→ **Material provided**
-------------------------
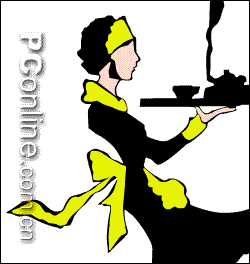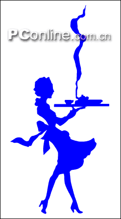 9.衣服完成之后,剩下的就是其它的部分了。你需要對托盤和茶杯分別上色,為了使圖像更生動,你可以點綴茶壺茶杯。用淡青色填充水汽。需要的話,還可以改變女子頭發的顏色。別忘了,還有耳環。最后,將填充色設為無,用不同寬度的輪廓線勾出眼睛和嘴唇的形狀。(圖11)
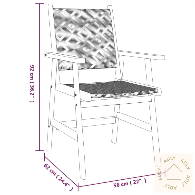 Attraktivt gittermønster: Stolene har et dekorativt gittermønster og stilrene materialer, noe som gir uteplassen et flott blikkfang og særpreg. Kombinasjonen av heltre akasie og flettet polyrotting gir både komfort og visuell interesse til dine møbler for uterommet.Disse hagemøblene har en robust konstruksjon og er designet for å tåle norsk klima, men vi anbefaler å bruke vanntett trekk for å forlenge levetiden til møblene dine og holde dem pene år etter år.
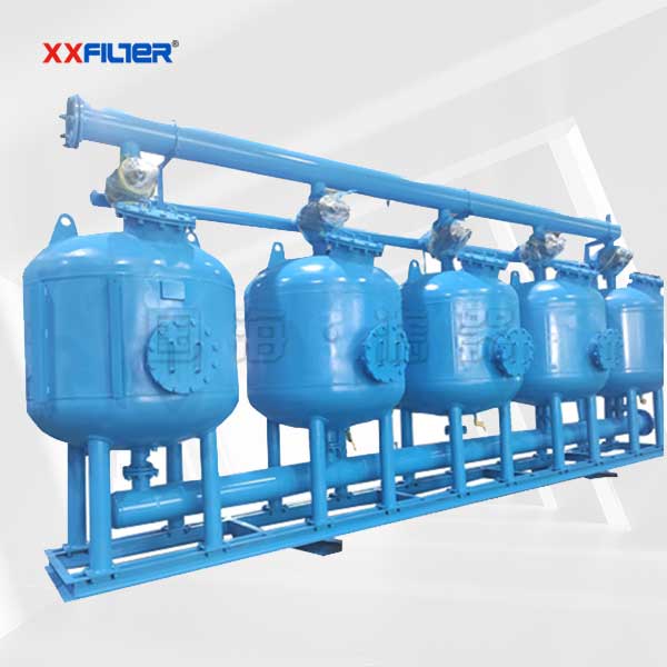 5罐淺層砂過濾器750T/H由多個標準高速砂缸單元組成,過濾器內部設有獨特的布水器和集水器,擁有獨特的雙向自動沖洗閥,可實現在正常系統運行中多個標準高速砂缸逐個單獨的反沖洗,全自動程序控制。具有反沖洗用水量小,設備安裝方便,易于操作等優點,該設備流量大、無需維護。根據不同的用戶要求,有立式和臥式兩個系列,適用于工業和民用循環水系統的水質處理。
-------------------------
→ **Brief**
Leave the pictures out and return the rest of the material exactly.

→ **Your solution**
 9.衣服完成之后,剩下的就是其它的部分了。你需要對托盤和茶杯分別上色,為了使圖像更生動,你可以點綴茶壺茶杯。用淡青色填充水汽。需要的話,還可以改變女子頭發的顏色。別忘了,還有耳環。最后,將填充色設為無,用不同寬度的輪廓線勾出眼睛和嘴唇的形狀。(圖11)
 Attraktivt gittermønster: Stolene har et dekorativt gittermønster og stilrene materialer, noe som gir uteplassen et flott blikkfang og særpreg. Kombinasjonen av heltre akasie og flettet polyrotting gir både komfort og visuell interesse til dine møbler for uterommet.Disse hagemøblene har en robust konstruksjon og er designet for å tåle norsk klima, men vi anbefaler å bruke vanntett trekk for å forlenge levetiden til møblene dine og holde dem pene år etter år.
 5罐淺層砂過濾器750T/H由多個標準高速砂缸單元組成,過濾器內部設有獨特的布水器和集水器,擁有獨特的雙向自動沖洗閥,可實現在正常系統運行中多個標準高速砂缸逐個單獨的反沖洗,全自動程序控制。具有反沖洗用水量小,設備安裝方便,易于操作等優點,該設備流量大、無需維護。根據不同的用戶要求,有立式和臥式兩個系列,適用于工業和民用循環水系統的水質處理。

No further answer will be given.